Bank standards ready by 2013

(9 September 2010 – Europe) German central bank leaders have said that stricter international banking standards may be ready earlier than expected and should not affect the wider economy. The need for banking standards to be stricter and reinforced became clear after the collapse of Lehman Brothers in September 2008 and subsequently the global financial crisis.

Franz-Christoph Zeitler, Germany’s central bank’s vice president, said after a meeting of the Basel Committee on Banking Supervision that a compromise had been reached on fundamental issues.

Another meeting between central bank governors and financial market regulators has be scheduled for the end of the week to pin-point a minimum level of capital and cash reserves that banks will need to adhere to, to avoid another global financial crisis.

Mr Zeitler said that since the beginning the central bank has sought to ensure balance between reinforcing the stability of the international financial system without stemming credit flows to the wider economy.

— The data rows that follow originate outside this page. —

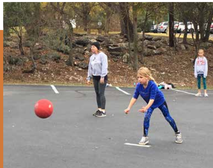
Thanksgiving Kickball Event
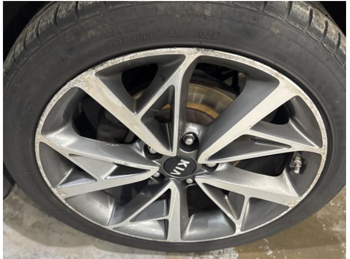
22: Wheel nsf Scratched Over 50mm
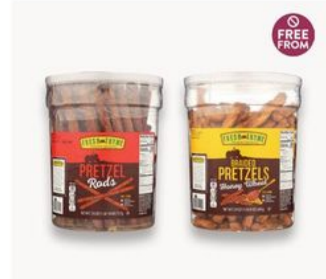
Fresh Thyme Pretzel Tubs 24-26 oz 5.99
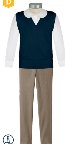
Peter Pan Collar Shirt with Vest and Khaki Pants
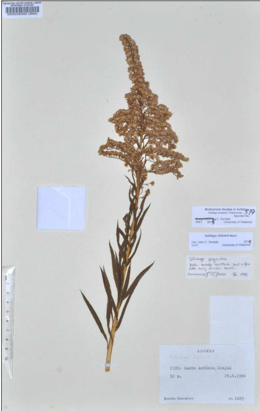
Figure 1. Solidago chilensis from Pico Island, Azores, Portugal — Botelho Gonçalves 1825 (BM).
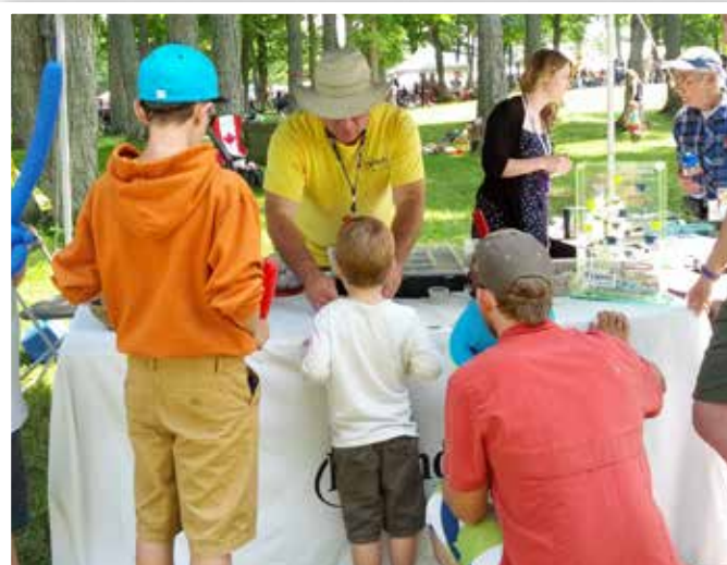
Many Friends volunteers and Museum staff helped out with activities (OPP uniform dress up, button making and card crafting) in the Folk Play area at the Mariposa Folk Festival in Orillia's Tudhope Park on July 4th and 5th.
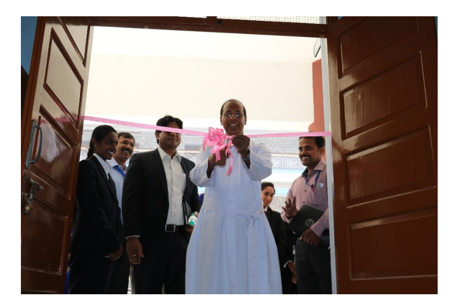
Inauguration by Fr. Principal
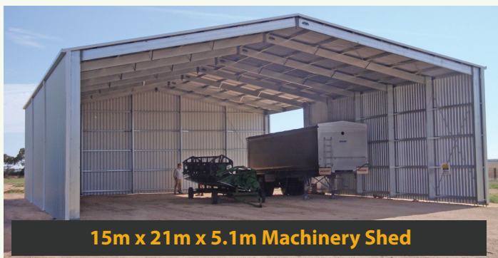
15m x 21m x 5.1m Machinery Shed
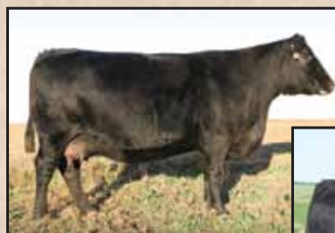
EA Emblynette 434, Lot 2's great-granddam.
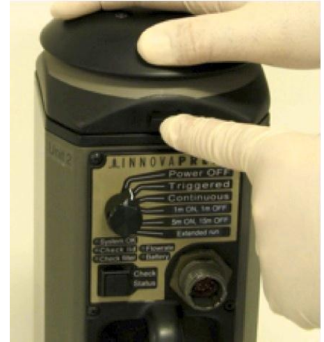
FIGURE 4.14 ENGAGING LATCH
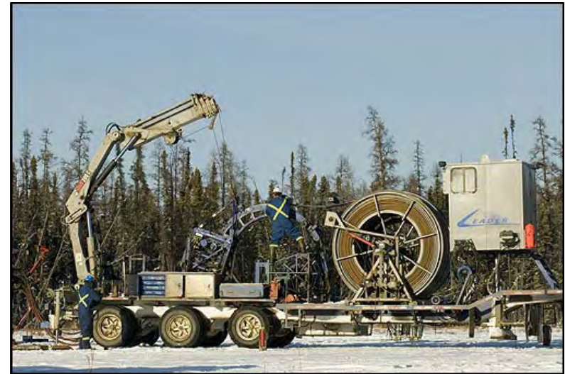
Intermediate depth coiled tubing unit
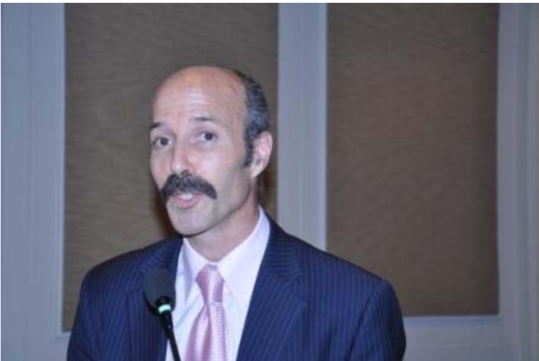
Representative of Canadian Embassy
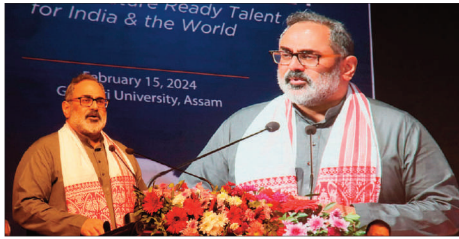
Union Minister of State for Electronics and IT Rajevee Chandrasekhar speaking at a podium during the Digital India #futureSKILLS Summit in Guwahati.

"The summit is being held in the country for the first time and I have been asked why it is being held here and not in Hyderabad or Delhi. The reason is that under the dynamic leadership of Assam Chief Minister Himanta Biswa Sarma, a semiconductor plant will come up very soon in the state, allowing interested youth to find employment opportunities without hav-
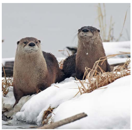
North American River Otter
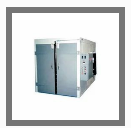
Industrial Heating Oven
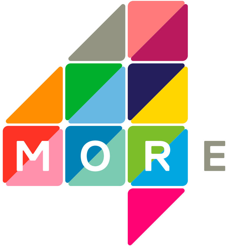
The More4 logo
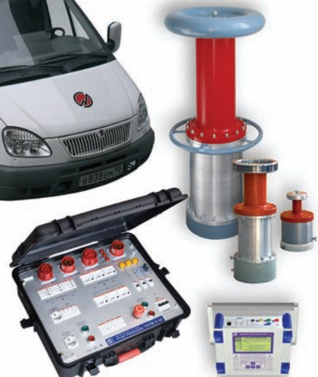
3 VT Test Set (accuracy class 0.05) for testing voltage transformers of accuracy classes up to 0.2
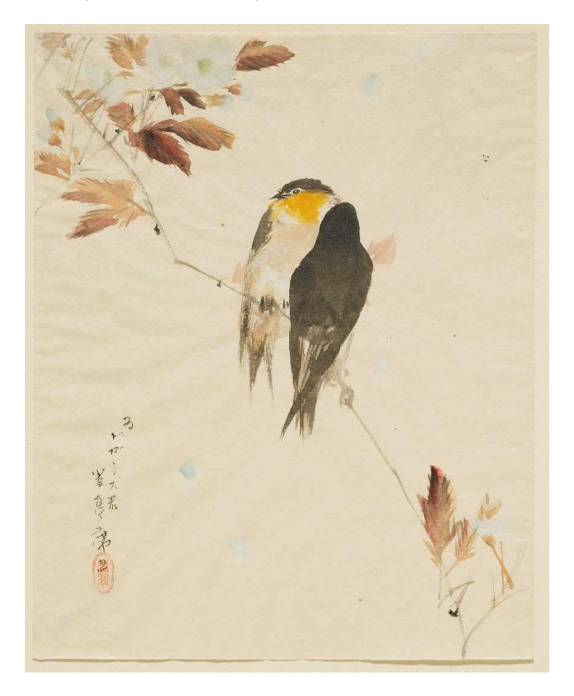
Figure 2. Watanabe Seitei, Birds on a Branch , watercolour on paper, 24.4 x 19.4 cm, Clark Art Institute, Williamstown, MA.

realism; therefore, he did not have autonomy and does not seem to have been involved in more progressive circles such as that of the Impressionists.<sup>15</sup>
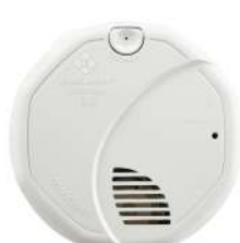
3120B Hardwire Dual Sensor Smoke Alarm With Battery Backup
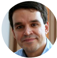
DR IOANNIS N. GRIGORIADIS

Minister of Foreign Affairs, Republic of Cyprus
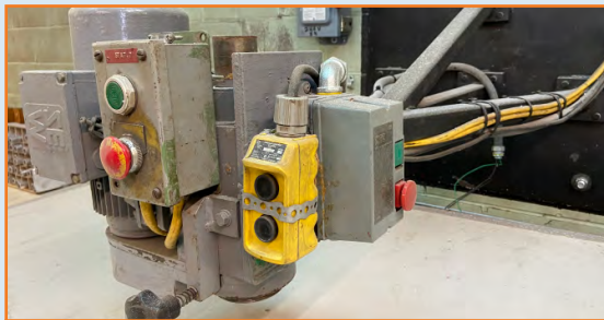
SEW-EURODRIVE DT80N2BM OVERHEAD FOAM ROUTER W/ HYDRAULIC SCISSOR LIFT TABLE

Visit www.bidspotter.com for complete specs, additional photos and videos of machinery in operation
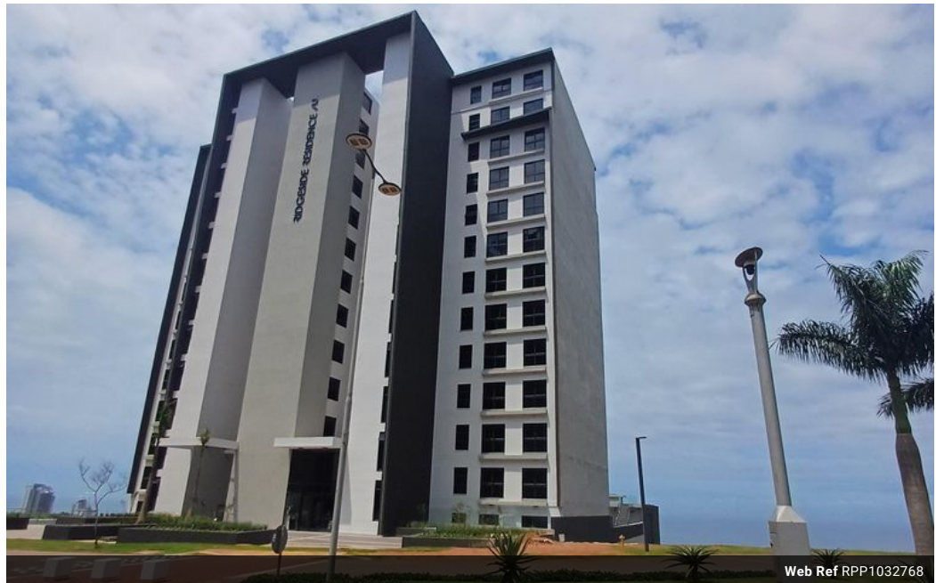
Web Ref RPP1032768

Shop 5 7 on Millennium Boulevard Umhlanga Ridge 4321
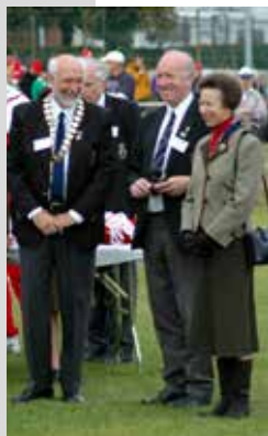
EC 2007 Minehead
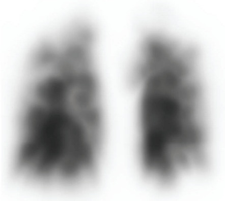
FIGURE 2: A lung perfusion scan showed multiple wedge-shaped perfusion defects in both lungs.

Following the diagnosis, the patient was treated with the anticoagulant warfarin, 1 course of chemotherapy with irinotecan (80 \text{mg}/\text{m}^2 on days 1, 8, and 15), and long-term oxygen therapy. Her shortness of breath upon exertion significantly improved initially; however, her respiratory condition gradually worsened, and follow-up CT scans showed multiple liver and bone metastatic lesions. Echocardiography indicated worsening pulmonary hypertension with tricuspid regurgitation, and the estimated gradient pressure was approximately
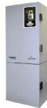
Model 185 Wet Chemistry Analyzer
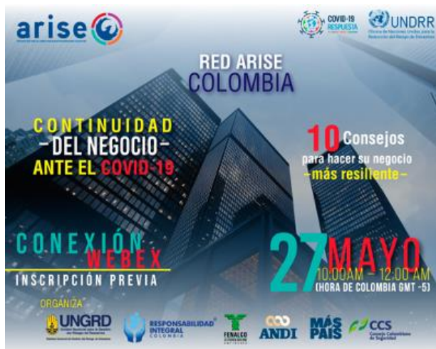
Figure 24. Webinar flyer on Business Continuity in the context of COVID-19

Additionally, ARISE Colombia focused on resilient business recovery from COVID-19. For example, on 27 May 2020 the Network organized a webinar on business continuity in the context of COVID-19 and presented a tool developed by UNDRR (see Fig. 24). The webinar aimed at providing the business sector with key information on how to protect their business from the future impacts of the pandemic. Another webinar on business communication during crisis was conducted in October 2020, with high participation of 800 attendees.
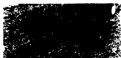
Series 5000 Field Cultivator
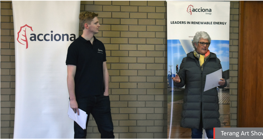
Terang Art Show
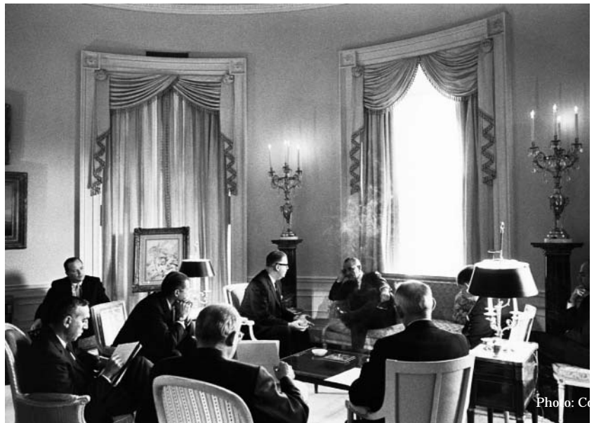
Freshly informed by CIA assessments contradicting a supposed pessimistic Israeli estimate of Arab military capabilities, Johnson, in the presence of Secretary McNamara and other senior officials, hears out Israeli Ambassador Abba Eban on 26 May 1967.

Helms had the Office of National Estimates (ONE) prepare an appraisal of the Mossad assessment, which was ready in only five hours. ONE flatly stated: “We do not believe that the Israeli appreciation . . . was a serious estimate of the sort that would submit to their own high

The central bank’s vice president added that the solution may lie in higher levels of core capital, coupled with a ‘capital cushion’.

These measures would progressively be introduced starting 2010, Mr Zeitler added.

Alex Weber, the central bank’s president and also a member of the European Central Bank, said that stricter banking standards for capital and cash reserves wouldn’t burden economic growth, as long as there was a generous period of transition.